30 de jul de 2009

Cinco Anos sem Papai

Parece ontem o dia em que recebi sua ligação – voz doce e serena – que decretava seu estado de saúde possivelmente irreversível. De um lado a irriquietude de um filho inconformado, mas que não encontrava do outro lado da linha além de gratidão a Deus pelos anos que viveu (havia milhares de quilômetros entre Olympia e Recife).

De um lado, medo e quase desespero ao perceber do outro lado da linha a tranqüilidade de coração que apenas Deus pode dar.

Essa foi a tensão da ligação que me fez voar (ainda que mergulhado no oceano amargo da minha dor). Quando cheguei em São Paulo ele havia sido sedado havia poucas horas. As últimas palavras que ouvi foi mesmo aquela corajosa e confiante oração de exaltação ao Criador, quando me disse: “Tive mais do que mereci nessa vida”.

Deus ainda me reservou um grande presente. Como que me ensinando na morte o tanto quanto o fez em vida, entrei com sua Rutinha para orar e ver pela última vez aquilo que vimos com tanta facilidade, ainda que sendo ele, em suas próprias palavras um matuto de Garanhuns. Falo de sua última lágrima, que descrevi nesse soneto abaixo:

Última Lágrima
“... E lhe enxugará do rosto toda lágrima

Aquela lágrima última que escorria
No seu rosto, qual prenúncio de Adeus
Sem palavras, sem olhar, mas eu sabia
Era a hora bendita de meu Deus!

O vimos partindo para casa
Que momento feliz – sim, sem igual
Quando o mundo nesse instante desespera
A saudade para nós é natural...

Uma tristeza temperada com esperança
Aprendemos desde o tempo de criança
Que morrer era lucro – no Senhor!

E aquela última lágrima que escorria
Sem palavras, sem olhar, mas eu sabia
Era o momento derradeiro de sua dor.

Hoje, cinco anos depois, aprendemos a viver sem ele. Seus ensinos ainda nos guiam, pois eram baseados na absoluta verdade da Escritura do Senhor. Sua confiança em passar pela morte também nos ensinou a olhar para essa vida com os olhos fitos na eternidade, onde sabemos que estaremos juntos e desfrutando do infinito por milênios sem fim.

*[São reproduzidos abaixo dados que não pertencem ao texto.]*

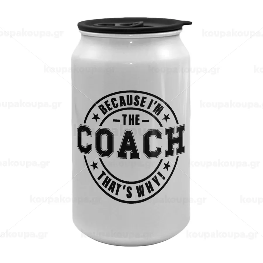 Because i'm the Coach, Κούπα ταξιδιού μεταλλική με καπάκι (tin-can) 500ml
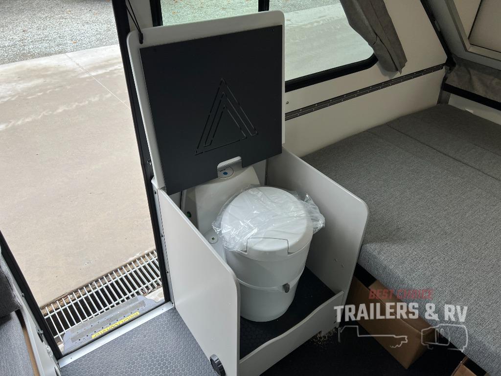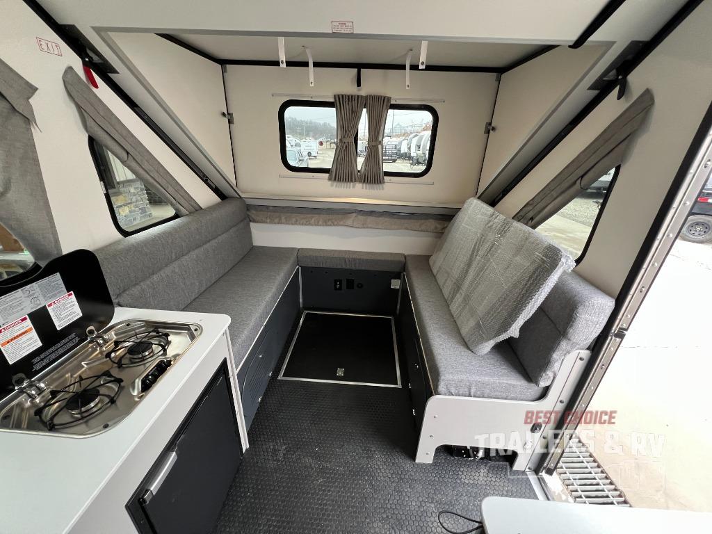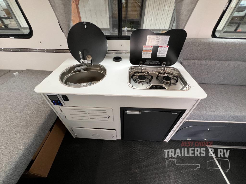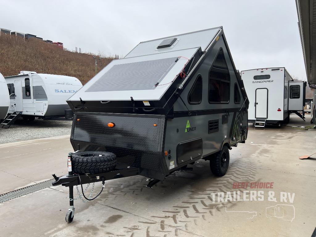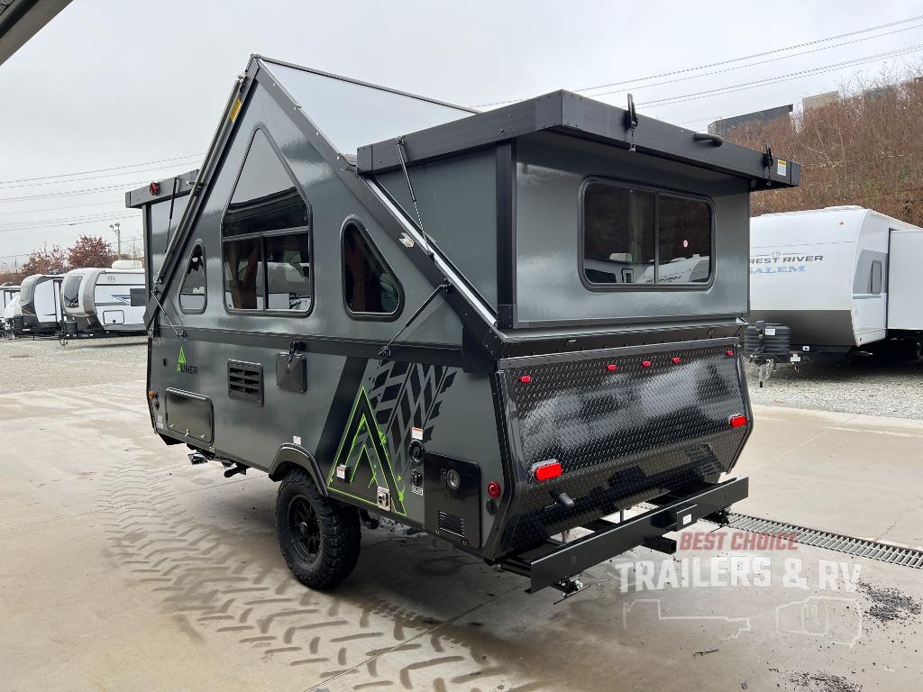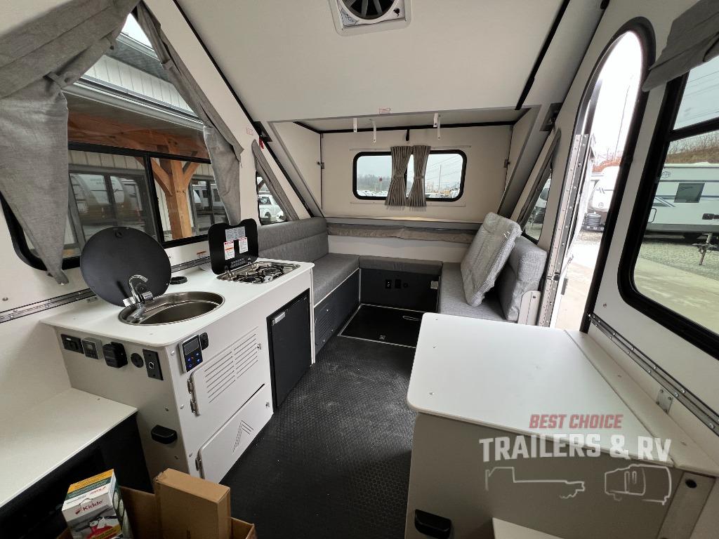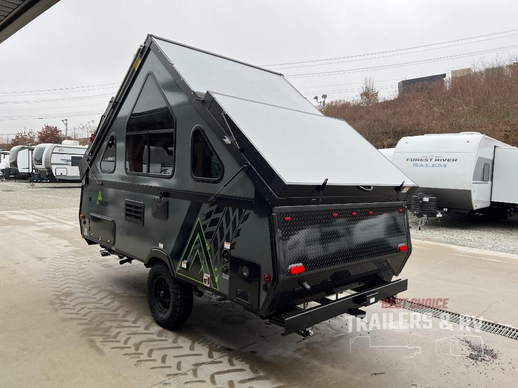 The Evolution A-frame camper by Aliner is coming to you with residential features and solid construction materials. You'll love the slate gray exterior, aluminum wheels, and the Azdel composite panels to help prolong the life of your camper. There are LED running lights, exterior baggage doors, and four stabilizer jacks to help keep your camper secure. You will also appreciate the keyless entry, the dual LP tanks with a cover, and the 200-watt solar panel on the front dormer for some off-grid power. The lift kit and 15" off-road tires add 3" to the height, allowing you to explore more roads, and you'll find many interior comforts to make you feel right at home!

Essa saudade nos serve, sim, para mostrar como os homens (por melhores que sejam) são passageiros; que a vida, por mais fascinante que possa parecer, é como o vapor que passa, pois apenas Deus é Eterno.

Foi um amigo seu que falando conosco disse uma frase que o descreveu como peregrino ao dizer de papai: “ele passou por aqui e não perdeu a viagem”. Nessa passagem, ele deixou saudades que também tentei descrever em poesia:

Ocaso de Saudade
“... As coisas findas, muito mais que lindas, essas ficarão” (Drummond)

Lindo ocaso enebriante
Colorido brilhante e sedutor
Nobres raios dourando o horizonte
Culpam o homem perante o Criador!

Não parece o Sol em brasa viva?
Eis que agora queima em outra direção
Mas deixou sua chama no meu peito
Esquentando, em lembrança, o coração

Esse ocaso, esse fogo, essa lembrança
Faz que caiam lágrimas de criança
Que esqueceu, assim, de não crescer

E agora, descrescida a alegria
Esperando logo a luz de um novo dia
E aguardando mesmo a hora de morrer

Hoje, olhando para trás, podemos ver a mão de Deus o levando na hora certa para casa, nos deixando aqui, pois ainda tínhamos tanto para crescer. O que nos resta é voltar aos olhos para Deus e agradecer pelo grande homem que colocou em nossas vidas, por tantos ensinamentos que Deus usou a sua instrumentalidade para nos repassar.

Ele me ensinou a teologia prática de confiar em Deus em toda e qualquer situação, de tributar-lhe glória por todo e qualquer acontecimento e de lhe ser grato por toda e qualquer providência. Por isso, cinco anos depois, temos confiança de que Deus o levou na hora certa, glorificamos a Deus por tudo o que fez e agradecemos porque há esse tempo, aprendemos com sua morte sobre aquele que vive: Jesus.